= John Brandon-Jones =

British architect

John Brandon-Jones (18 September 1908 – 1 May 1999) was a British architect. His work was heavily influenced by the Arts and Crafts movement, of which he was a noted architectural historian.

==Life and career==

Brandon-Jones was born in Hendon into a family with a strong Unitarian tradition, and was christened by the Rev Charles Voysey (with whose grandson Brandon-Jones would later enter into an architectural partnership). Brandon-Jones' father was an art teacher, while his mother studied dress at the Central School of Arts and Crafts and wrote books on embroidery.

The family moved to Harpenden and Brandon-Jones' father was engaged as an art teacher at Berkhamsted School, and where Brandon-Jones was enrolled in 1919. However, after contracting tuberculosis in 1921, he was sent to Bembridge School on the Isle of Wight, which most likely influenced his decision to become an architect. While at Bembridge he learned his skills in wood working, engraving and printing, as well as becoming passionate about building and sailing boats.

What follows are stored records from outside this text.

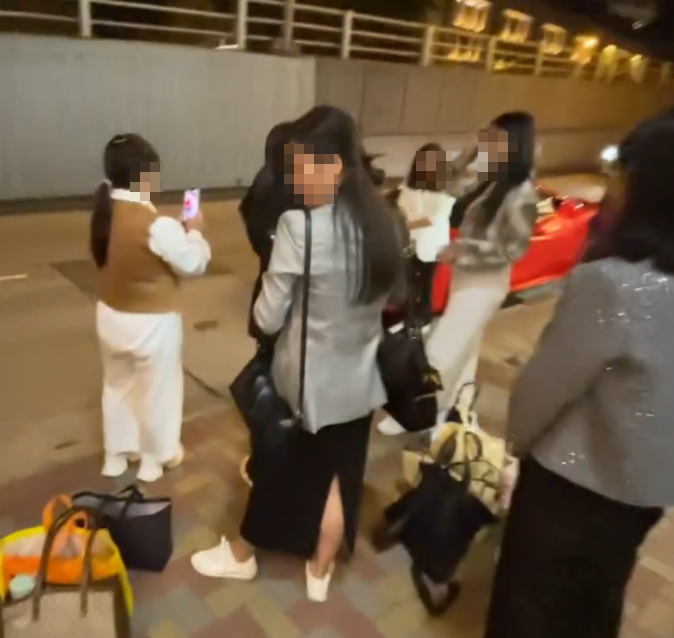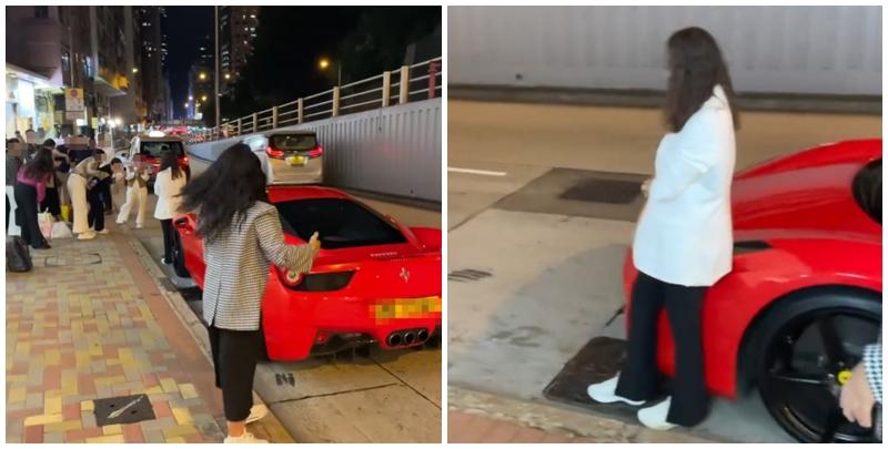 影片可見,一輛紅色法拉利跑車停泊於亞皆老街路邊,吸引大批人圍觀影相,一行衣着打扮光鮮的男女約十多人,聽到是操普通話的內地人。其中一名女子在車旁附近與跑車自拍,另一位穿白色西裝的女子則依靠在法拉利車頭,同行人士幫忙拍照,樓主配文「前世未見過跑車」。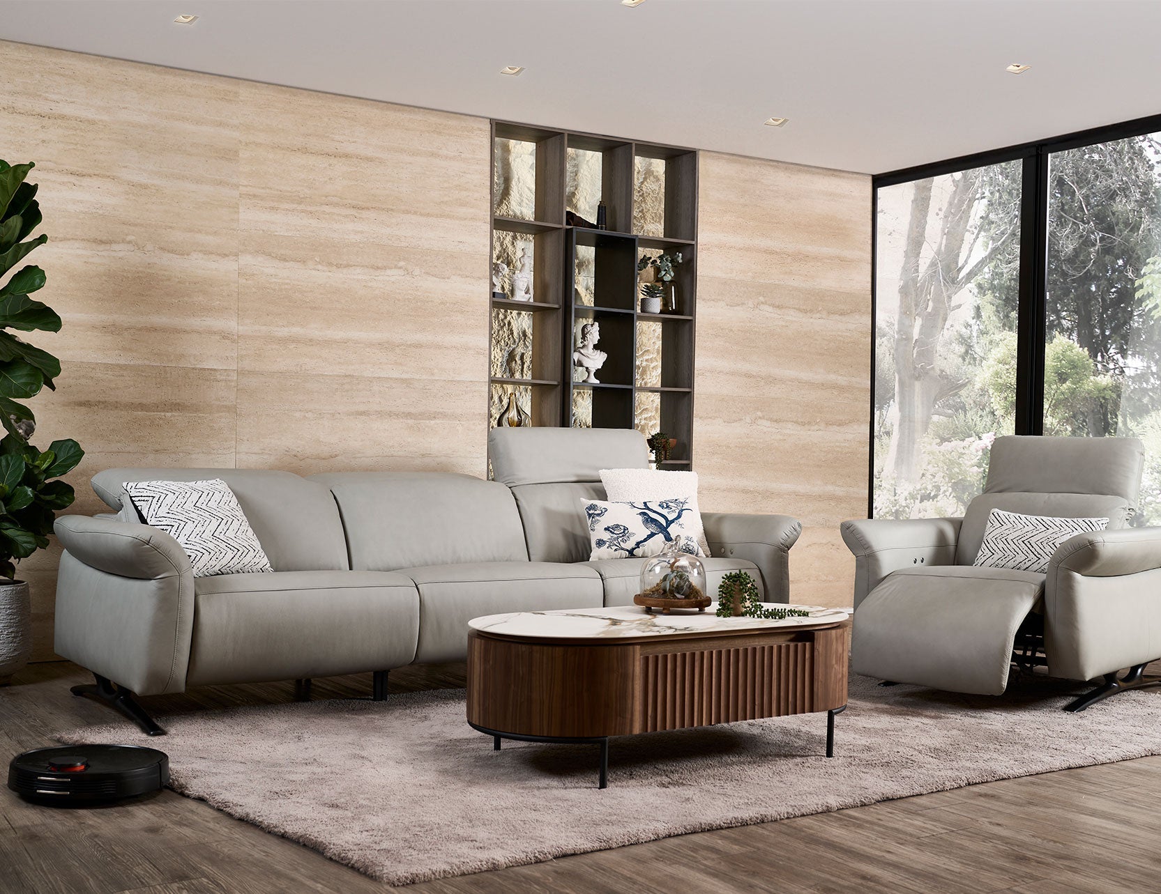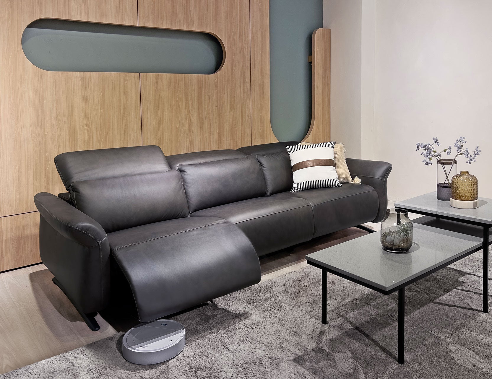 A luxurious contemporary sofa designed for modern living, Viso has the visual appeal of a leather couch and the functionality of a motorised sofa. Its high-leg mechanism is cast in aluminium and provides ample space between the floor and the bottom of the sofa, making cleaning a breeze for robot vacuums.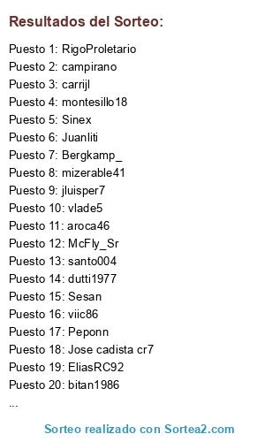 Lista de participantes: Bergkamp_, vlade5, McFly_Sr, mizerable41, borjals, bitan1986, saen3killer, viic86, montesillo18, Sesan, carrijl, RigoProletario, dutti1977, jluisper7, aroca46, Juanliti, santo004, Sinex, EliasRC92, Moi_cadi, Peponn, Jose cadista cr7, campirano, xxxMAXTERxxx.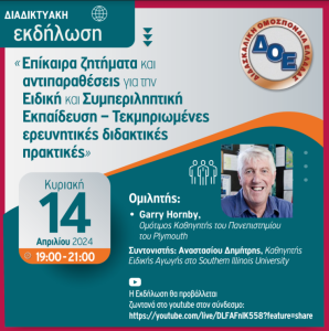 Εισηγητής: Garry Hornby, Ομότιμος Καθηγητής Ειδικής Εκπαίδευσης του Πανεπιστημίου του Plymouth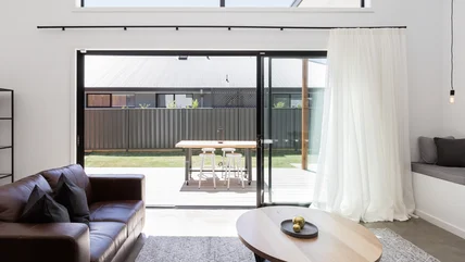 Shutters aren't just for farmhouses anymore. They're now a chic and practical way to make sure your indoor space feels perfectly private. And while you may be picturing the classic cabinet-style open set, there are actually a variety of different types you can use in front of your sliding doors. The first option is bifold. These shutters fold into themselves as you open them, meaning they store nicely on one or both sides of the door when not in use.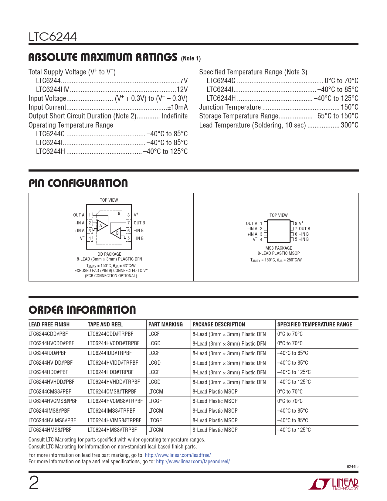 LTC6244CDD#PBF LTC6244CDD#TRPBF LCCF 8-Lead (3mm × 3mm) Plastic DFN 0°C to 70°C LTC6244HVCDD#PBF LTC6244HVCDD#TRPBF LCGD 8-Lead (3mm × 3mm) Plastic DFN 0°C to 70°C LTC6244IDD#PBF LTC6244IDD#TRPBF LCCF 8-Lead (3mm × 3mm) Plastic DFN –40°C to 85°C LTC6244HVIDD#PBF LTC6244HVIDD#TRPBF LCGD 8-Lead (3mm × 3mm) Plastic DFN –40°C to 85°C LTC6244HDD#PBF LTC6244HDD#TRPBF LCCF 8-Lead (3mm × 3mm) Plastic DFN –40°C to 125°C LTC6244HVHDD#PBF LTC6244HVHDD#TRPBF LCGD 8-Lead (3mm × 3mm) Plastic DFN –40°C to 125°C LTC6244CMS8#PBF LTC6244CMS8#TRPBF LTCCM 8-Lead Plastic MSOP 0°C to 70°C LTC6244HVCMS8#PBF LTC6244HVCMS8#TRPBF LTCGF 8-Lead Plastic MSOP 0°C to 70°C LTC6244IMS8#PBF LTC6244IMS8#TRPBF LTCCM 8-Lead Plastic MSOP –40°C to 85°C LTC6244HVIMS8#PBF LTC6244HVIMS8#TRPBF LTCGF 8-Lead Plastic MSOP –40°C to 85°C LTC6244HMS8#PBF LTC6244HMS8#TRPBF LTCCM 8-Lead Plastic MSOP –40°C to 125°C Consult LTC Marketing for parts specifi ed with wider operating temperature ranges. Consult LTC Marketing for information on non-standard lead based fi nish parts. For more information on lead free part marking, go to: http://www.linear.com/leadfree/ For more information on tape and reel specifi cations, go to: http://www.linear.com/tapeandreel/ 6244fb 2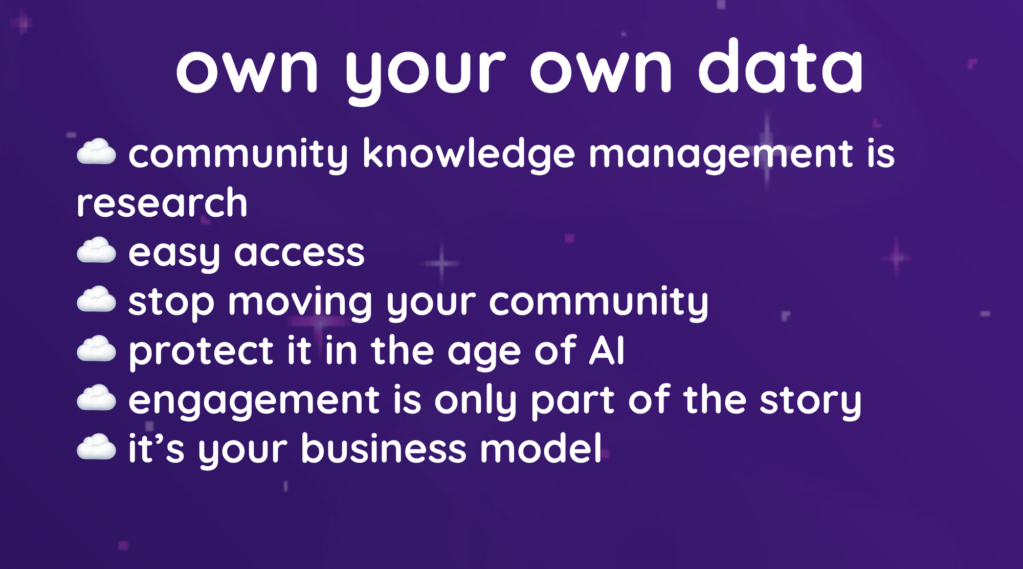 To me, owning your own data is only meaningful when you have real control and flexibility around it. Many of the community platforms say you own data, and you do, but migrating away from communities is still a royal pain in the butt, if not impossible to do well from a tech perspective, let alone a UX one.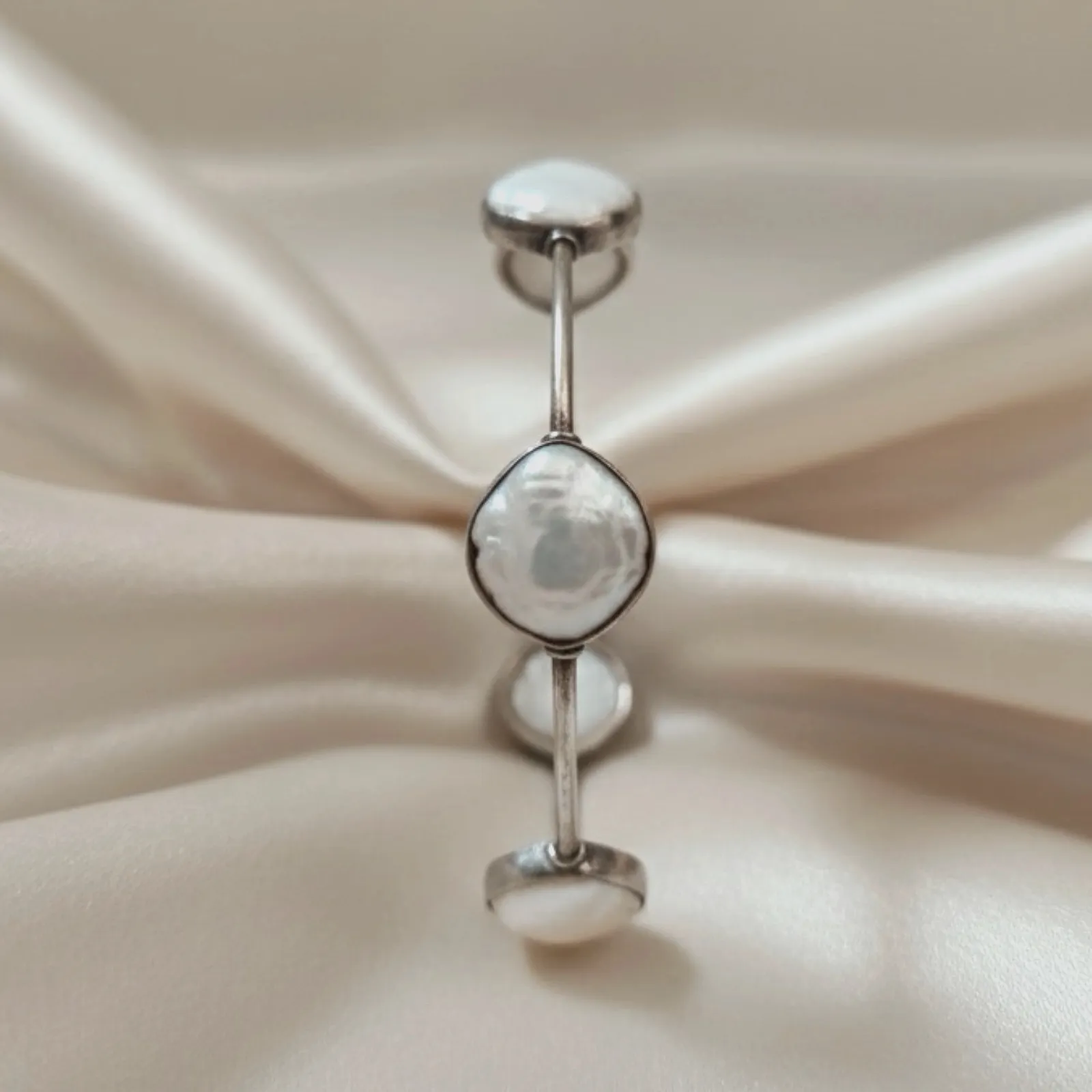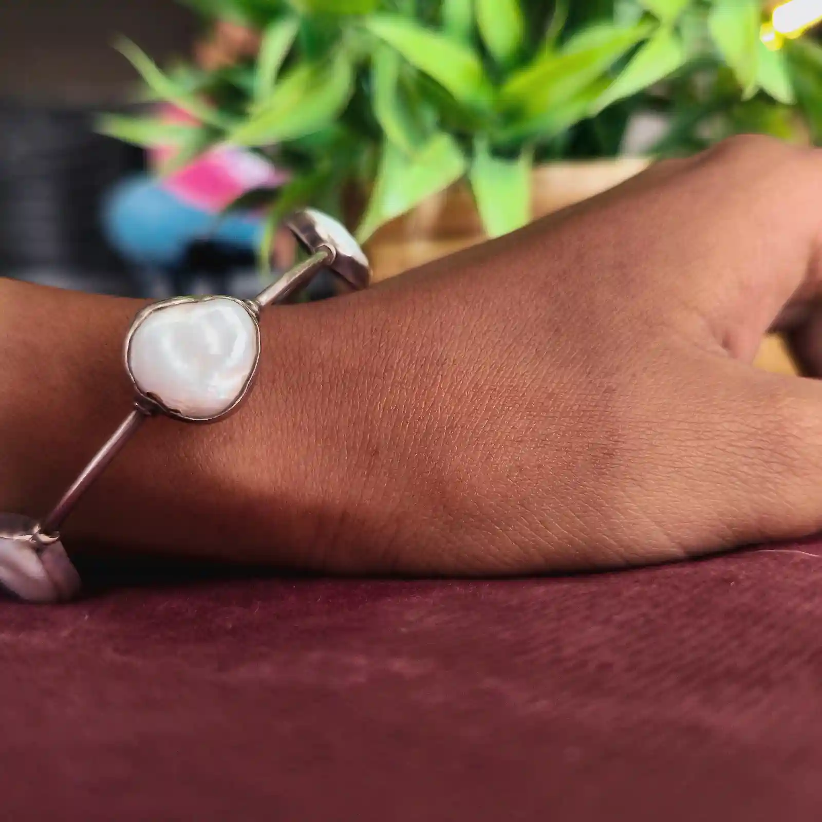 This elegant bracelet features smooth sky-blue stones set in a clean, minimal silver-tone frame, creating a fresh and calming aesthetic. The soft pastel shade adds a touch of serenity, while the slender band keeps the design lightweight and graceful. Perfect for daily wear, brunch outings, or soft festive looks, it pairs beautifully with pastel sarees, floral kurtis, summer dresses, and light-toned Indo-Western outfits for an effortlessly refined touch.

At the age of 18, he was apprenticed to the architect, Oswald Milne (former assistant to Edwin Lutyens), and in 1929 attended the Architectural Association School of Architecture. However, he found the new Le Corbusier style of Modern Architecture unappealing, preferring to honour continuity with the past in his designs. Before adopting the Arts and Craft idiom he designed a small development of Moderne houses for Charles Wicksteed who had also created Wicksteed Park on the same plot of land.

In 1933, he joined the partnership of Charles Cowles-Voysey as an assistant, later a partner. Voysey and Brandon-Jones won a competition for the design of Watford Town Hall, and later designed the town halls in Worthing and Bromley, as well as the Guildhall in Cambridge and the Hull Festival House.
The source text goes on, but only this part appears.